**Requirement:**
Start to finish, print the entries exactly, and carry none of the pictures over.

**Items from a dataset:**

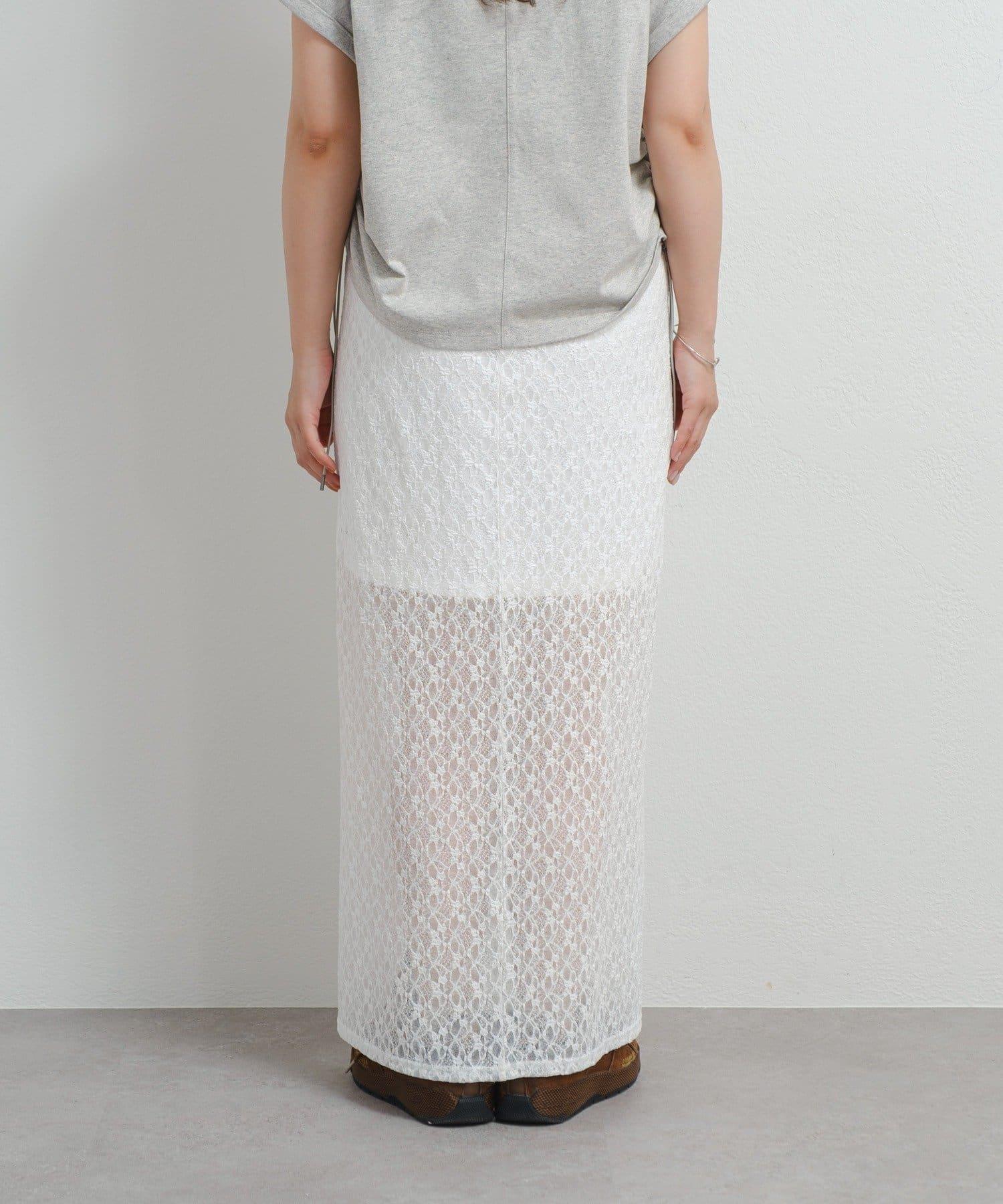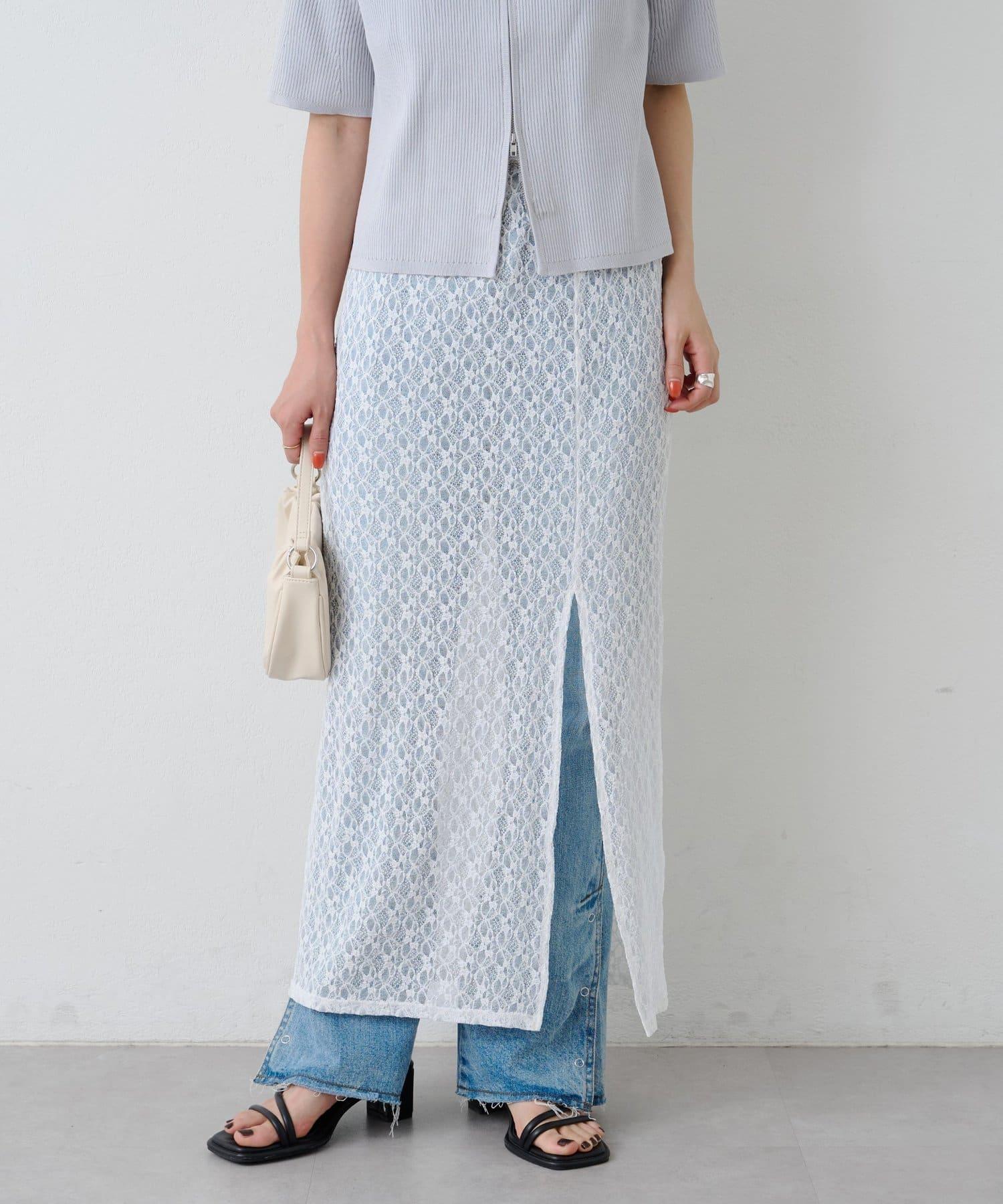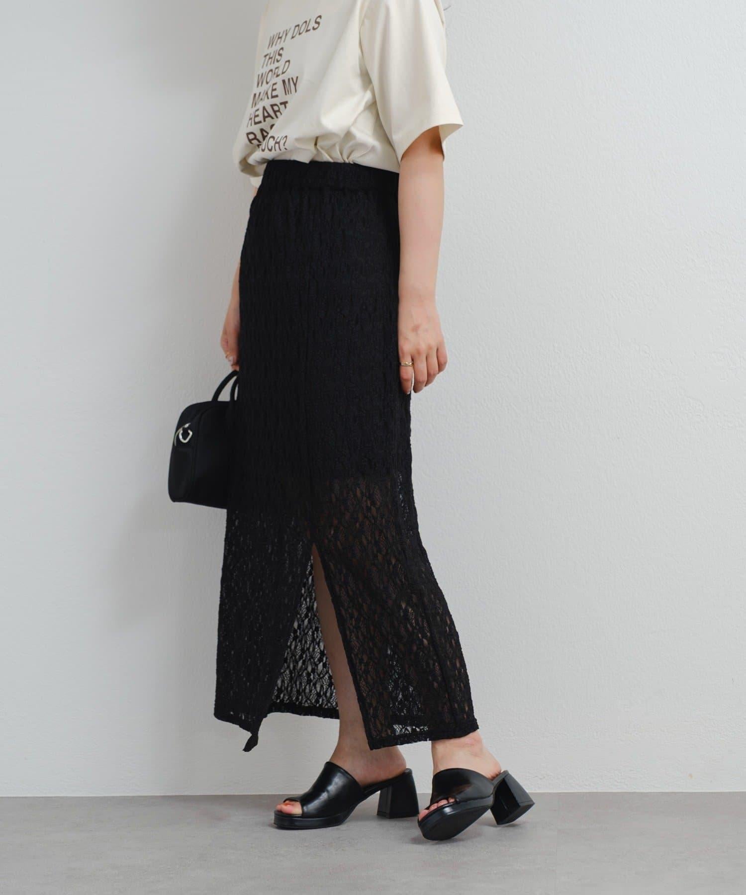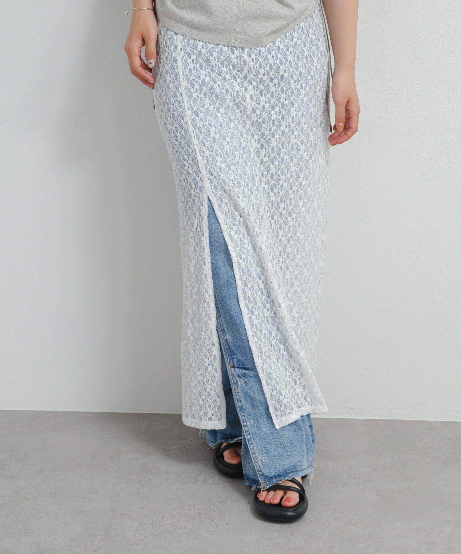 這款開衩長裙採用透明蕾絲面料,給人以清涼柔美的印象。
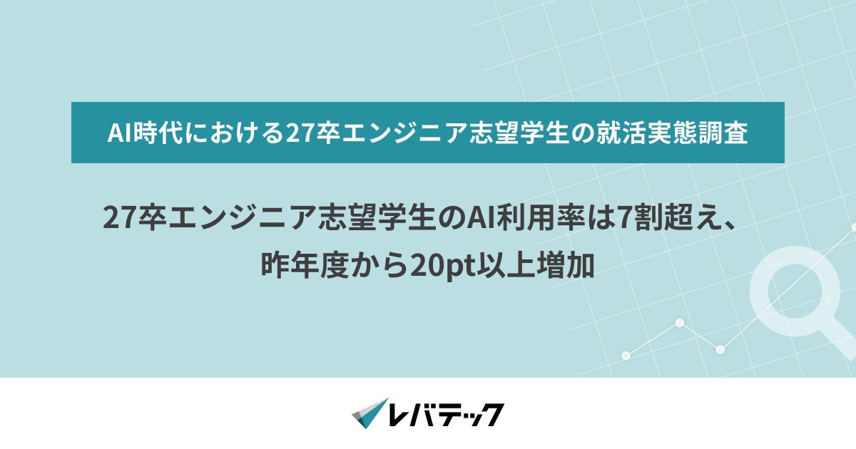 「日本を、IT先進国に。」をビジョンに掲げるレバテック株式会社( https://levtech.jp/ ) は、2027年3月卒業予定のエンジニア職志望学生144名を対象に、就活意識・実態調査を実施しました。本リリースでは一部を抜粋し、お知らせいたします。
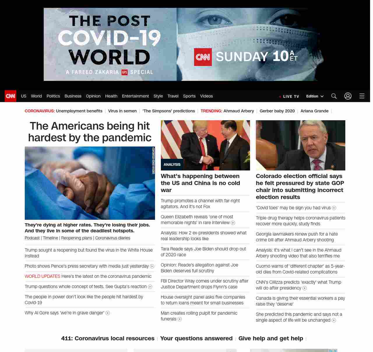 CNN1: FOXVCNN=|The Americans being hit hardest by the pandemic| ((lubuntu at wor2))
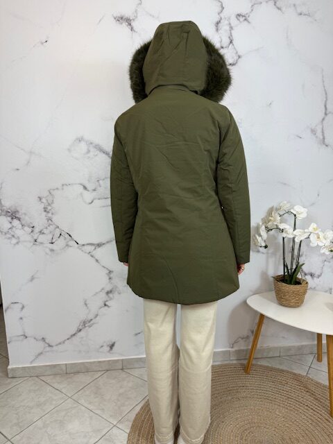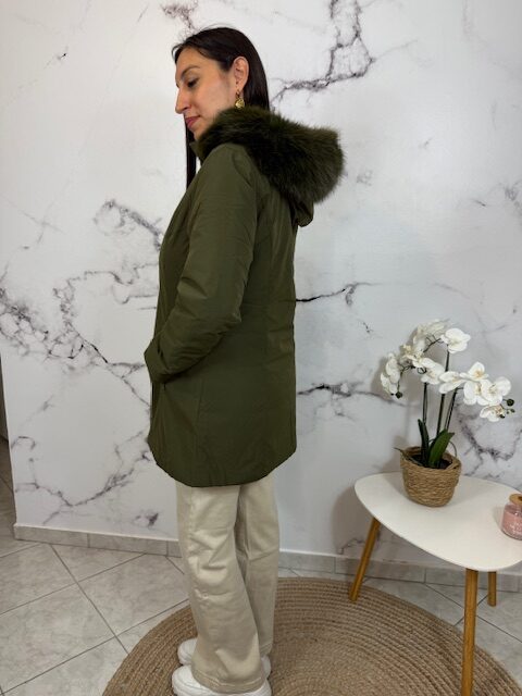 Μπουφάν διπλής όψης. Έχει κανονική γραμμή και κανονικό μήκος. Κλείνει με φερμουάρ, διαθέτει τσέπες στα πλαϊνά και έχει αποσπώμενη κουκούλα. Το ύφασμά του είναι αδιάβροχο και φοριέται και από τις δύο πλευρές. Το μπουφάν που σου χαρίζει δύο επιλογές για να καλύψεις κάθε σου ντύσιμο. Ιδανικό για όλες τις ώρες της ημέρας για να είσαι ζεστή και άνετη.
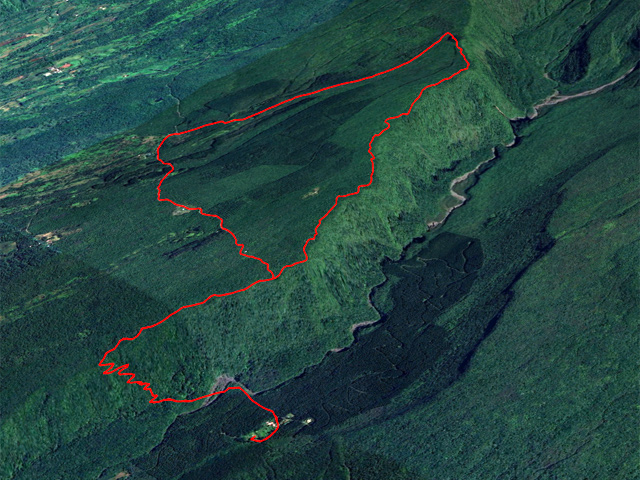 La Forêt Jacques Payet couvre des centaines d'hectares entre les Hauts de la Crête et la Vallée Heureuse. Toute la région a été modelée par les forestiers au siècle précédent. On rencontre un peu partout des bois ou de longues lignes de cryptomerias facilement repérables sur les photos satellite. Des camphriers, qui ont souvent du mal à supporter les grands vents des cyclones, sont également implantés un peu partout. Lors de la boucle qui fait le tour de cette grande forêt, on repère de nombreux sentiers partant de la Route Forestière des Onze Cents. Utilisés à l'époque par les forestiers, ils sont désormais empruntés par les braconniers et deviennent de plus en plus étroits. Hélas, par manque de fréquentation, beaucoup disparaissent aux alentours des 1000 m et c'est le hasard qui peut amener un "explorateur" à rejoindre le sentier Jacques Payet longeant la Vallée Heureuse. C'est le cas pour les deux sentiers faisant le tour de la forêt de camphiers désormais bouchés par les cadavres de camphriers. Le sentier présenté sur cette fiche débute au plus près de la Ravine Souris Chaude qu’il longe jusqu'à s'approcher de la Ravine Jacques Payet. Très facile à repérer, il se suit sans hésitation jusqu'à l'abri de l'ONF qui se transforme lentement en ruine insalubre. Les deux km de montée comportent cependant une centaine de mètres envahis par les fougères et les pailles sabres mais jamais on ne se pose la question sur l'itinéraire. Le départ proposé ici à partir du Gîte de Basse Vallée rallonge un peu cette sortie qui ne peut pas encore être classée en aventure.
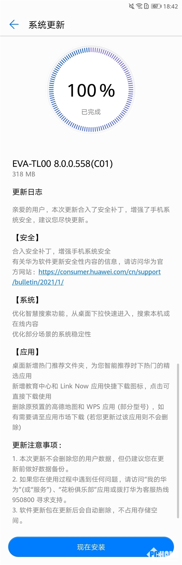 近几年,国产手机的系统更新速度还是蛮快的,但是一般仅限于两三年之内的,而那种五六年前的机型很少会收到更新推送,毕竟存在着手机硬件限制等原因。令人惊讶的是,5年前发布的华为P9竟然迎来了EMUI 8.0系统,版本号为EVA-TL0O 8.0.0.558 (C01),大小318MB。
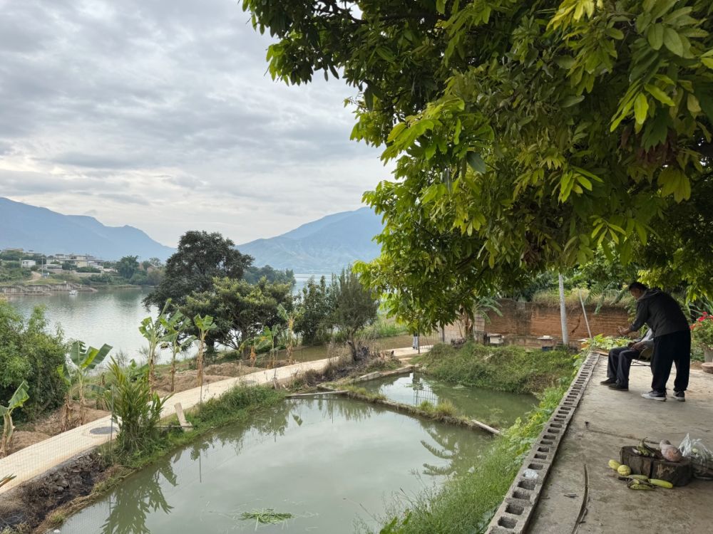 這是一座位于村莊最邊緣的農(nóng)家小院,居高臨下、視線開闊。站在小院向外望,一灣泛著微波的碧藍(lán)江水盡收眼底,再遠(yuǎn)處是一座座掩映在林間的村舍和農(nóng)田,目之所及,都是賞心悅目的景色。

**Output of the exercise:**
 這款開衩長裙採用透明蕾絲面料,給人以清涼柔美的印象。
 「日本を、IT先進国に。」をビジョンに掲げるレバテック株式会社( https://levtech.jp/ ) は、2027年3月卒業予定のエンジニア職志望学生144名を対象に、就活意識・実態調査を実施しました。本リリースでは一部を抜粋し、お知らせいたします。
 CNN1: FOXVCNN=|The Americans being hit hardest by the pandemic| ((lubuntu at wor2))
 Μπουφάν διπλής όψης. Έχει κανονική γραμμή και κανονικό μήκος. Κλείνει με φερμουάρ, διαθέτει τσέπες στα πλαϊνά και έχει αποσπώμενη κουκούλα. Το ύφασμά του είναι αδιάβροχο και φοριέται και από τις δύο πλευρές. Το μπουφάν που σου χαρίζει δύο επιλογές για να καλύψεις κάθε σου ντύσιμο. Ιδανικό για όλες τις ώρες της ημέρας για να είσαι ζεστή και άνετη.
 La Forêt Jacques Payet couvre des centaines d'hectares entre les Hauts de la Crête et la Vallée Heureuse. Toute la région a été modelée par les forestiers au siècle précédent. On rencontre un peu partout des bois ou de longues lignes de cryptomerias facilement repérables sur les photos satellite. Des camphriers, qui ont souvent du mal à supporter les grands vents des cyclones, sont également implantés un peu partout. Lors de la boucle qui fait le tour de cette grande forêt, on repère de nombreux sentiers partant de la Route Forestière des Onze Cents. Utilisés à l'époque par les forestiers, ils sont désormais empruntés par les braconniers et deviennent de plus en plus étroits. Hélas, par manque de fréquentation, beaucoup disparaissent aux alentours des 1000 m et c'est le hasard qui peut amener un "explorateur" à rejoindre le sentier Jacques Payet longeant la Vallée Heureuse. C'est le cas pour les deux sentiers faisant le tour de la forêt de camphiers désormais bouchés par les cadavres de camphriers. Le sentier présenté sur cette fiche débute au plus près de la Ravine Souris Chaude qu’il longe jusqu'à s'approcher de la Ravine Jacques Payet. Très facile à repérer, il se suit sans hésitation jusqu'à l'abri de l'ONF qui se transforme lentement en ruine insalubre. Les deux km de montée comportent cependant une centaine de mètres envahis par les fougères et les pailles sabres mais jamais on ne se pose la question sur l'itinéraire. Le départ proposé ici à partir du Gîte de Basse Vallée rallonge un peu cette sortie qui ne peut pas encore être classée en aventure.
 近几年,国产手机的系统更新速度还是蛮快的,但是一般仅限于两三年之内的,而那种五六年前的机型很少会收到更新推送,毕竟存在着手机硬件限制等原因。令人惊讶的是,5年前发布的华为P9竟然迎来了EMUI 8.0系统,版本号为EVA-TL0O 8.0.0.558 (C01),大小318MB。
 這是一座位于村莊最邊緣的農(nóng)家小院,居高臨下、視線開闊。站在小院向外望,一灣泛著微波的碧藍(lán)江水盡收眼底,再遠(yuǎn)處是一座座掩映在林間的村舍和農(nóng)田,目之所及,都是賞心悅目的景色。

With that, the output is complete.